В ординаторской он обнаружил отдежурившую бригаду в полном составе. Все усердно строчили утренние дневники поступивших пациентов. Самый старший из них, Андрей Тиунов, оформлял умершего от рака легкого больного, у которого ночью возникло массивное легочное кровотечение. Лица у всех мятые, глаза красные, под глазами черные круги, в ординаторской запах сигарет, кофе и потных мужиков. Все молчат, разговаривать некогда, торопятся всё успеть. Либерман хотел было открыть окно на проветривание, но три глотки одновременно взмолились о пощаде, мол, им холодно, а Тиунов, оторвавшись от истории умершего, рекомендовал Либерману обследовать щитовидную железу на предмет гипертиреоза.

Энцефалопаты, блин. На улице лето, а им холодно. Лёва пожал плечами и равнодушно пошел переодеваться. Еду, приготовленную на сегодняшнее дежурство, он хотел засунуть в холодильник, но с первого раза не получилось. Весь холодильник был заставлен грязной посудой, пустыми грязными банками, кастрюлями, тарелками с уже позеленевшими от плесени и покрытыми инеем пельменями. Хотел возмутиться, но вспомнил, что и сам периодически грешил тем же. В отделении была традиция: чтобы не мыть посуду, нужно поставить тарелку с небольшим остатком еды в холодильник – «зачем выбрасывать, вдруг кто-нибудь доест». Время от времени холодильник распахивал заведующий отделением, после чего все содержимое вместе с грязными тарелками выбрасывалось в мусор. Либерман в итоге с трудом впихнул свой пакет, точнее – не впихнул, а забил его в холодильник.

Потихоньку начали собираться врачи, перекидываясь новостями. Примечательно, что каждый входящий порывался проветрить помещение, но тут же останавливался протестами отдежуривших врачей. В 7:55 вошел Поляков Валерий Владимирович – заведующий отделением торакальной хирургии. Не спрашивая никого, подошел к окну и открыл его настежь, закрыл глаза, вдохнул утреннего прохладного воздуха и протянул «Хорошо». Постояв еще минуту, направился к выходу. Никто ничего не сказал, только переглянулись, а Тиунов кинулся закрывать окно, как только Поляков вышел за дверь.

После обхода по реанимации в 08:20 началась отделенческая планерка. Ординаторская заполнилась до отказа врачами и медсестрами отделения. Поляков натянул на самый кончик носа очки, взял на проверку у Тиунова историю умершего и буркнул себе поднос: «Отчитываемся». Дежурные медсестры стали докладывать, сколько больных состояло, сколько выписано, сколько поступило, у кого что по дренажам, кто температурил, кто готовился на операцию и т.п. Потом слово было по традиции предоставлено старшей медицинской сестре, которая, если и не болела шизофренией, то шизоидный характер имела точно. В миллионный раз она стала повторять информацию, которую каждая медсестра прекрасно знала и выполняла. За температурой в холодильниках с препаратами нужно следить и информацию записывать в температурный журнал холодильника, техучеба для сестер будет в пятницу в 12:00, и на ней нужно всем быть, пробирки нужно подписывать черным маркером и т.п. Монолог старшей медсестры был окончен, и в ординаторской повисла тишина. Поляков что – то, не мог разобрать в истории, бубнил себе под нос, потом опомнился, окинул взглядом подчиненных и озвучил: «Работаем». Персонал лениво начал разбредаться по своим рабочим местам. Начинался обычный рабочий день в обычной городской больнице города Сталеварска.

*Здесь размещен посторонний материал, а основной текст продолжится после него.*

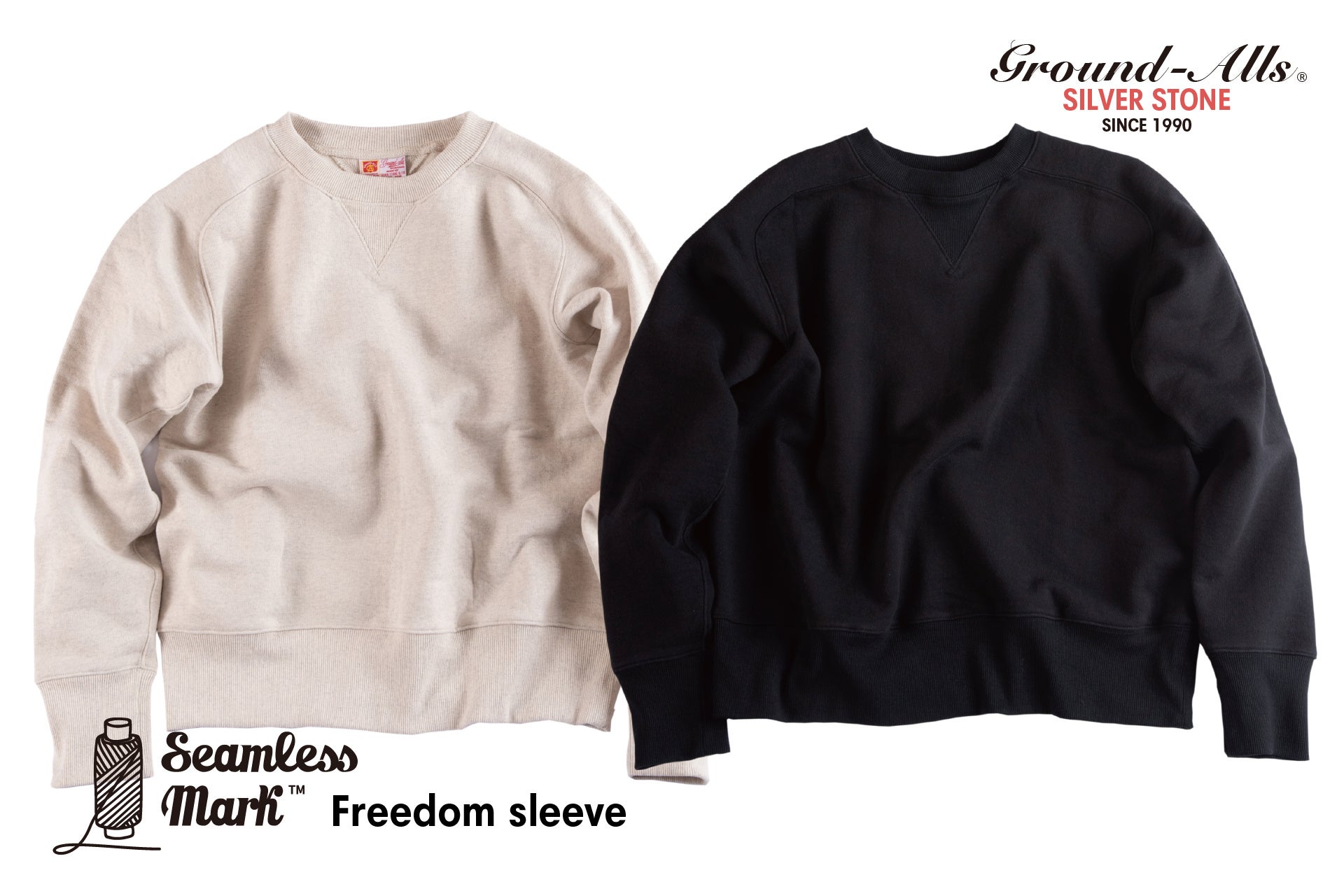 1940年代から作られ、SEAMLESS(丸胴)・裏起毛・2本針のフリーダムスリーブスウェットシャツ。肩から腕にかけて曲線に縫い、腕の可動域を広げることでフリーにし、汗止めや生地の縮み防止の両Vはめ込みガゼット仕様。

После планерки у врача почти всегда есть от 5 до 15 минут, когда сестры готовят пациентов к обходу врача, к операции, раздают направления на анализы и т.д. В ординаторской в это время начинается кофе-чаепитие с горячим обсуждением общественно-политической обстановки в мире, России и регионе. Потом врачи расходятся по рабочим делам. Либерман первым сегодня ангажировал постовую сестру Лену на обход, поэтому через 10 минут она зашла с полотенцем и журналом обходов и сказала: «Лев Наумыч, больные готовы». Обычно во время обхода врач расспрашивает пациентов о самочувствии, жалобах, осматривает, делает назначения, что-то уточняет, если необходимо. Так бывает в обычных условиях. Пациенты в палатах, где Либерман был лечащим врачом, под такие условия никак не попадали. У Либермана были палаты для «декретированных слоев населения», а именно: палата для инвалидов, палата для ВИП – пациентов и палата, в которой лечились асоциальные элементы. Естественно, что в таких палатах приходилось задерживаться дольше, чем в обычных. Если с первыми двумя палатами все понятно, то о палате для асоциальных элементов нужно сказать отдельно. Вначале асоциальные элементы (БОМЖИ, опустившиеся до животного состояния люди, убежденные засранцы и т.п.) лежали в обычных палатах с обычными пациентами. Но согласитесь, что наблюдать, как ваш сосед по палате помочился в вашу кружку, или испражнился в холодильник, или поджег подушку, или гоняет ночью чертей и многое другое, нормальному человеку не понравится. По этой причине Поляков «оборудовал» для таких пациентов палату №8, типа «вольер». Обстановка в палате была спартанская – железная раковина вместо керамической, окно было наглухо завинчено и не открывалось, снаружи окна решетка на замке (ключ от замка на посту), матрасы упаковывались в клеенку, дверь в палату демонтирована, вместо двери клеенчатая занавеска. Находилась палата в самом дальнем углу отделения и просматривалась с сестринского поста.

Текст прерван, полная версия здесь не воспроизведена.